### Description of the task
Every line of the material is to be transcribed verbatim, with images omitted.

### Information provided

=== Begin Enclosure ===

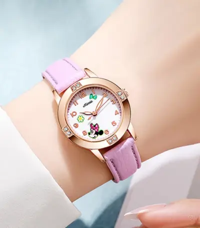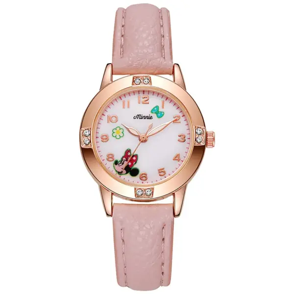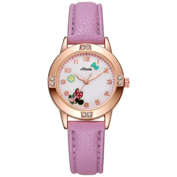 Disney Children’s Watches Kids Boys Girls Cute Cartoon Minnie Imitation Diamond Wristwatch Belt Student Quartz Watch Gift
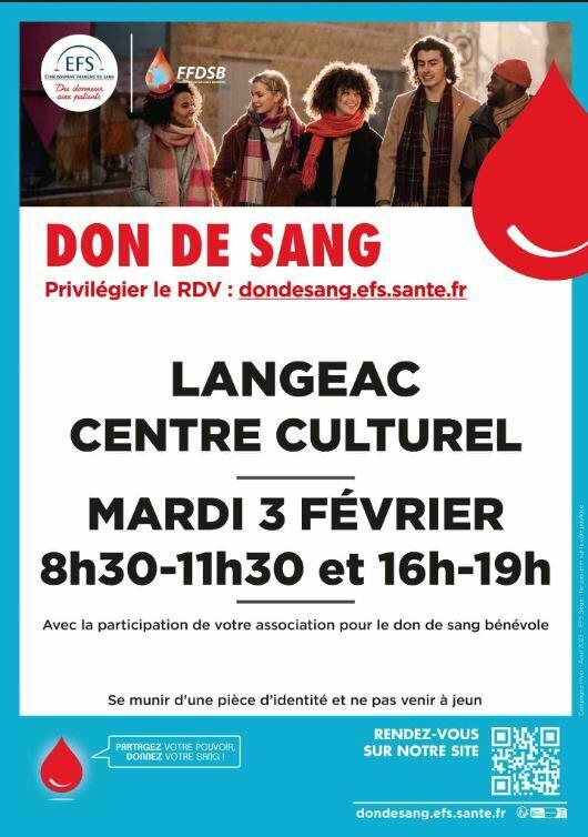 La prochaine collecte aura lieu Mardi 3 février de 8h30 à 11h30 et 16h à 19h, au Centre Culturel.
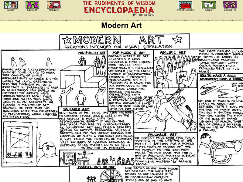 Learn about modern art in a unique way. All of the fun-fact information is drawn in a cartoon style.

=== End Enclosure ===

### Result of the exercise
 Disney Children’s Watches Kids Boys Girls Cute Cartoon Minnie Imitation Diamond Wristwatch Belt Student Quartz Watch Gift
 La prochaine collecte aura lieu Mardi 3 février de 8h30 à 11h30 et 16h à 19h, au Centre Culturel.
 Learn about modern art in a unique way. All of the fun-fact information is drawn in a cartoon style.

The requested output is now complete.